Listed entries:
___

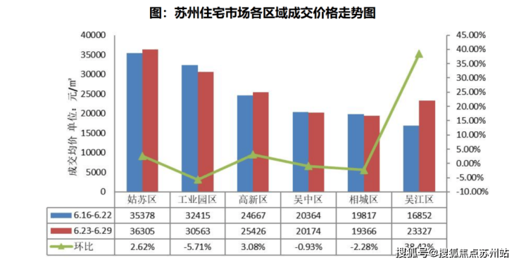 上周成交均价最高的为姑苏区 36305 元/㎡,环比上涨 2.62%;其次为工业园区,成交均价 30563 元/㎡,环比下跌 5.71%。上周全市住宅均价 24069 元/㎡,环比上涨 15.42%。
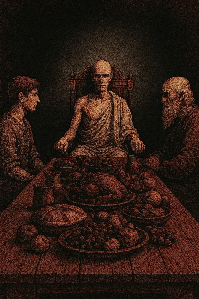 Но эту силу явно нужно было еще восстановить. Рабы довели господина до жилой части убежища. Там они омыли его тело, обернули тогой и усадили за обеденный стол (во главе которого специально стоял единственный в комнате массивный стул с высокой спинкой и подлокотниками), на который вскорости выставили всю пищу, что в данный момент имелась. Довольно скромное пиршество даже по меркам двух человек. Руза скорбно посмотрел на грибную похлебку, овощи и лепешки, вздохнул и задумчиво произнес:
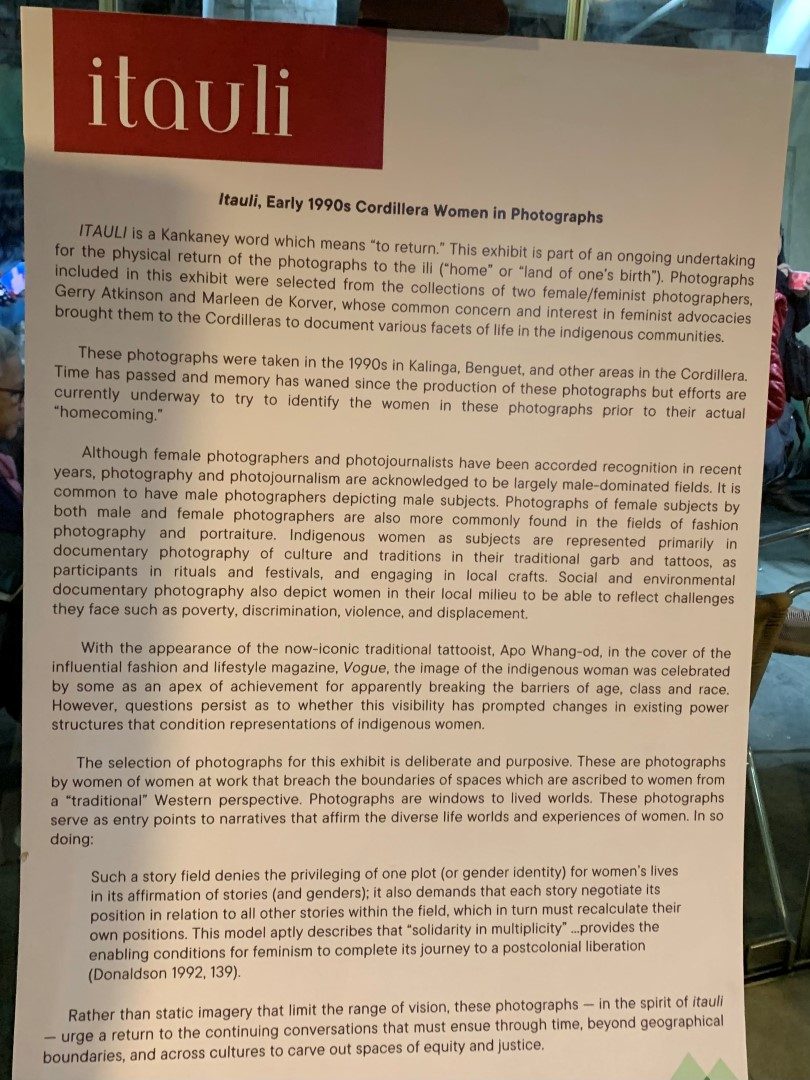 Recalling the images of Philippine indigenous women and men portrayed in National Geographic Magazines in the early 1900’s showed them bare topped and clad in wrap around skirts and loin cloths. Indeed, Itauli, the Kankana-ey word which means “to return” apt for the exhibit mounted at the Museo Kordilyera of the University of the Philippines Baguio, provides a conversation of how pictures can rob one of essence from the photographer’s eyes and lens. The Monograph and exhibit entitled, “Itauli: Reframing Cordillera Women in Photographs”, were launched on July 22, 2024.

___

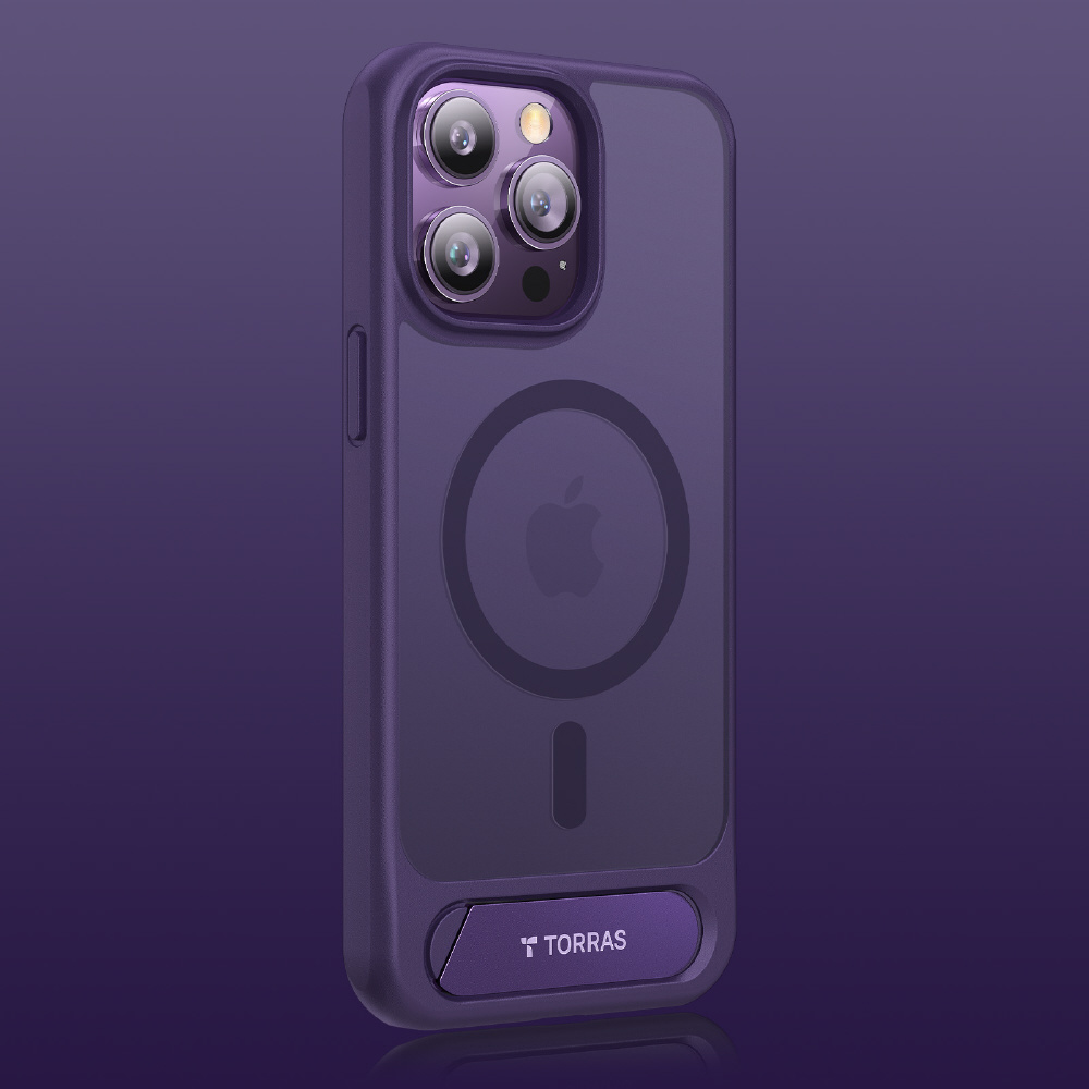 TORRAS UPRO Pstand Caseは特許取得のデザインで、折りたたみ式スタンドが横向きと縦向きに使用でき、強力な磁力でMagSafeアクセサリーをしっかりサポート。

___

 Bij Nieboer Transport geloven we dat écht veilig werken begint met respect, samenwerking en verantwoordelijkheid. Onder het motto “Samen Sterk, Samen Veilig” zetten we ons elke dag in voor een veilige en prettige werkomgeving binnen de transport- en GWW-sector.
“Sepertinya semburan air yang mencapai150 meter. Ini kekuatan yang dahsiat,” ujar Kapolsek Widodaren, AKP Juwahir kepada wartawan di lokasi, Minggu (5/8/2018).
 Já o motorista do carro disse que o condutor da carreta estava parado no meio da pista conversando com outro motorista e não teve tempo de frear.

___

What is expected:
Search the listing above for the lines with "Bij Nieboer Transport" and "Já o motorista", then output those lines and all lines between them exactly.

Response area:
 Bij Nieboer Transport geloven we dat écht veilig werken begint met respect, samenwerking en verantwoordelijkheid. Onder het motto “Samen Sterk, Samen Veilig” zetten we ons elke dag in voor een veilige en prettige werkomgeving binnen de transport- en GWW-sector.
“Sepertinya semburan air yang mencapai150 meter. Ini kekuatan yang dahsiat,” ujar Kapolsek Widodaren, AKP Juwahir kepada wartawan di lokasi, Minggu (5/8/2018).
 Já o motorista do carro disse que o condutor da carreta estava parado no meio da pista conversando com outro motorista e não teve tempo de frear.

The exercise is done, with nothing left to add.